Exercise requirements »
The lines to be extracted begin at the line containing "Nunes’ cow’ jumped" and end at the last line of the data below; copy them exactly and leave out the pictures.

Given records »
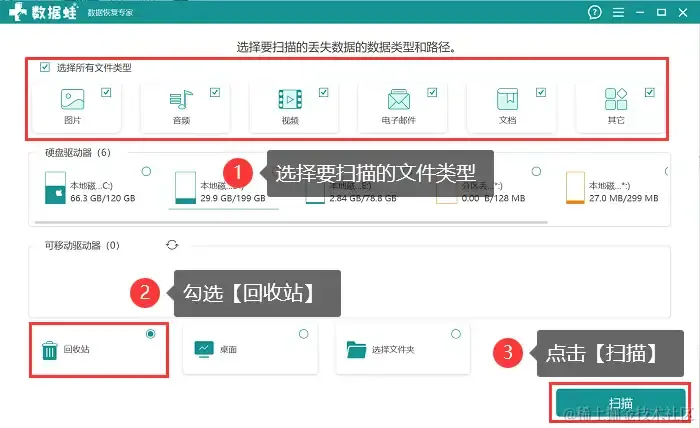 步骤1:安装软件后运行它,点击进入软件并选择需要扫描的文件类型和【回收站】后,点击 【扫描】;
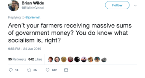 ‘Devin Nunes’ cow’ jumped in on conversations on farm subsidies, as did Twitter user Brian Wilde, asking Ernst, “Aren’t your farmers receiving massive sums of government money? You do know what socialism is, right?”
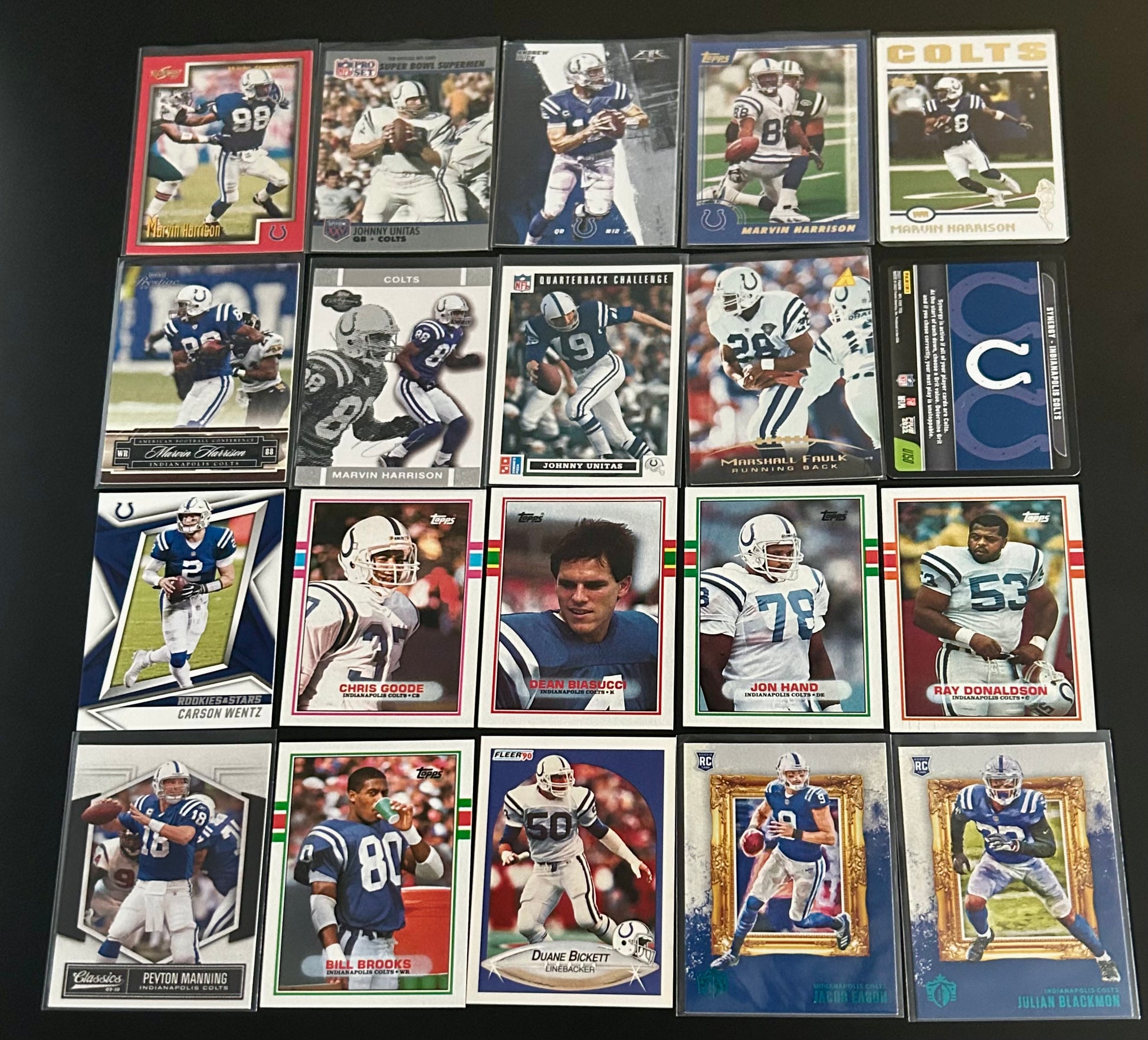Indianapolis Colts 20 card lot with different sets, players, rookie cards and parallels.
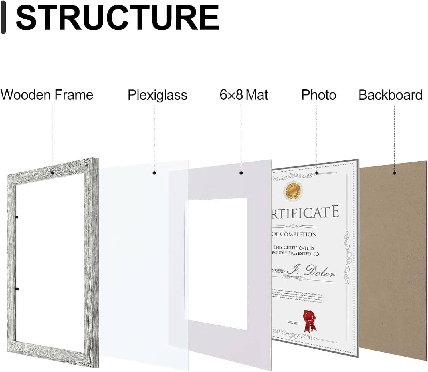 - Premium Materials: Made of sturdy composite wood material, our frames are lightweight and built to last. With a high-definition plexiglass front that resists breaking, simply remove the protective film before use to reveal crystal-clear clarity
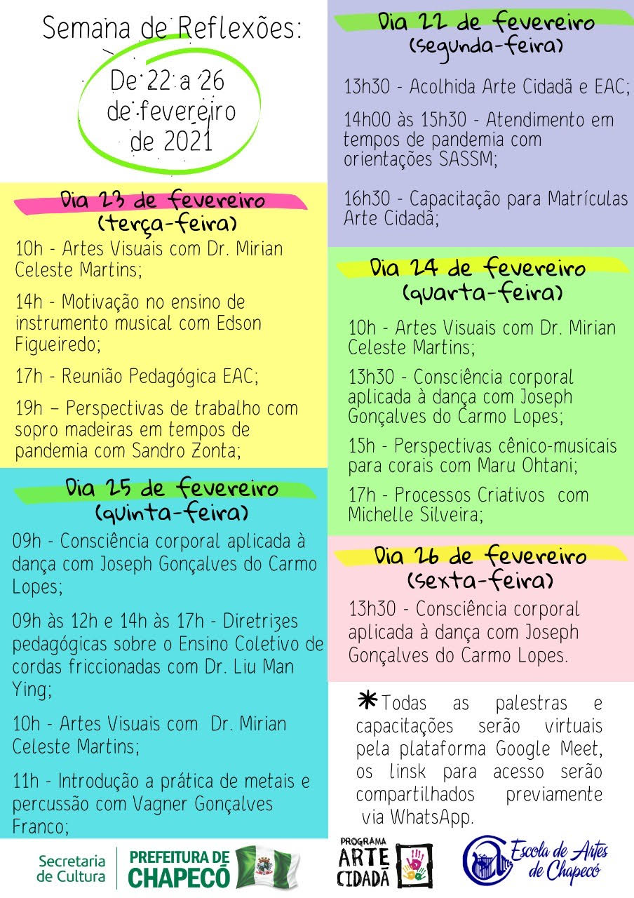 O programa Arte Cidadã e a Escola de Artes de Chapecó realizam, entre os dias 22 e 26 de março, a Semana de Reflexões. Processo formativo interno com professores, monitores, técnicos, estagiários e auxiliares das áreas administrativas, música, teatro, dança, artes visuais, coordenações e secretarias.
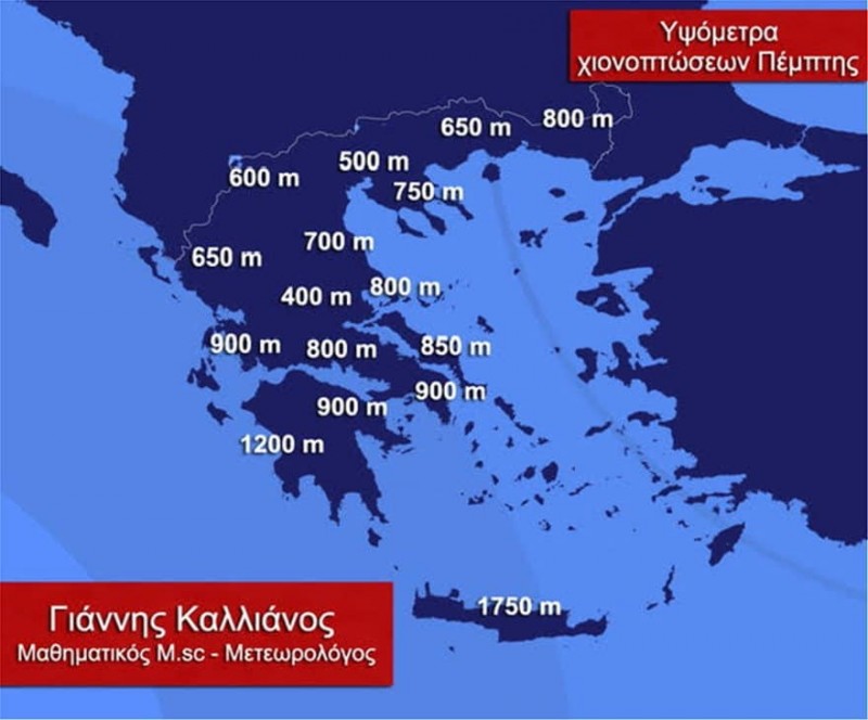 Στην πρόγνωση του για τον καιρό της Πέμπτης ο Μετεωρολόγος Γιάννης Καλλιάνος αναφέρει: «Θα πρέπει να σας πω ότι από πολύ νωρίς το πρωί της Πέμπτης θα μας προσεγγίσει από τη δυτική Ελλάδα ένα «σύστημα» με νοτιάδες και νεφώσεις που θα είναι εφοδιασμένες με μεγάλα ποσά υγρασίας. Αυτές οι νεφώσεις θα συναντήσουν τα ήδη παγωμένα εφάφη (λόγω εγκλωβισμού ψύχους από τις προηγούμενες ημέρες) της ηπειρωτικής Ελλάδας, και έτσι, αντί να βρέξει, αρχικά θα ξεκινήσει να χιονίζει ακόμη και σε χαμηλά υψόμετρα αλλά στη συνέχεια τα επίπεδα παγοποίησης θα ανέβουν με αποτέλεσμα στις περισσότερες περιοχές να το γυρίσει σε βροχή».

Exercise response »
 ‘Devin Nunes’ cow’ jumped in on conversations on farm subsidies, as did Twitter user Brian Wilde, asking Ernst, “Aren’t your farmers receiving massive sums of government money? You do know what socialism is, right?”
Indianapolis Colts 20 card lot with different sets, players, rookie cards and parallels.
 - Premium Materials: Made of sturdy composite wood material, our frames are lightweight and built to last. With a high-definition plexiglass front that resists breaking, simply remove the protective film before use to reveal crystal-clear clarity
 O programa Arte Cidadã e a Escola de Artes de Chapecó realizam, entre os dias 22 e 26 de março, a Semana de Reflexões. Processo formativo interno com professores, monitores, técnicos, estagiários e auxiliares das áreas administrativas, música, teatro, dança, artes visuais, coordenações e secretarias.
 Στην πρόγνωση του για τον καιρό της Πέμπτης ο Μετεωρολόγος Γιάννης Καλλιάνος αναφέρει: «Θα πρέπει να σας πω ότι από πολύ νωρίς το πρωί της Πέμπτης θα μας προσεγγίσει από τη δυτική Ελλάδα ένα «σύστημα» με νοτιάδες και νεφώσεις που θα είναι εφοδιασμένες με μεγάλα ποσά υγρασίας. Αυτές οι νεφώσεις θα συναντήσουν τα ήδη παγωμένα εφάφη (λόγω εγκλωβισμού ψύχους από τις προηγούμενες ημέρες) της ηπειρωτικής Ελλάδας, και έτσι, αντί να βρέξει, αρχικά θα ξεκινήσει να χιονίζει ακόμη και σε χαμηλά υψόμετρα αλλά στη συνέχεια τα επίπεδα παγοποίησης θα ανέβουν με αποτέλεσμα στις περισσότερες περιοχές να το γυρίσει σε βροχή».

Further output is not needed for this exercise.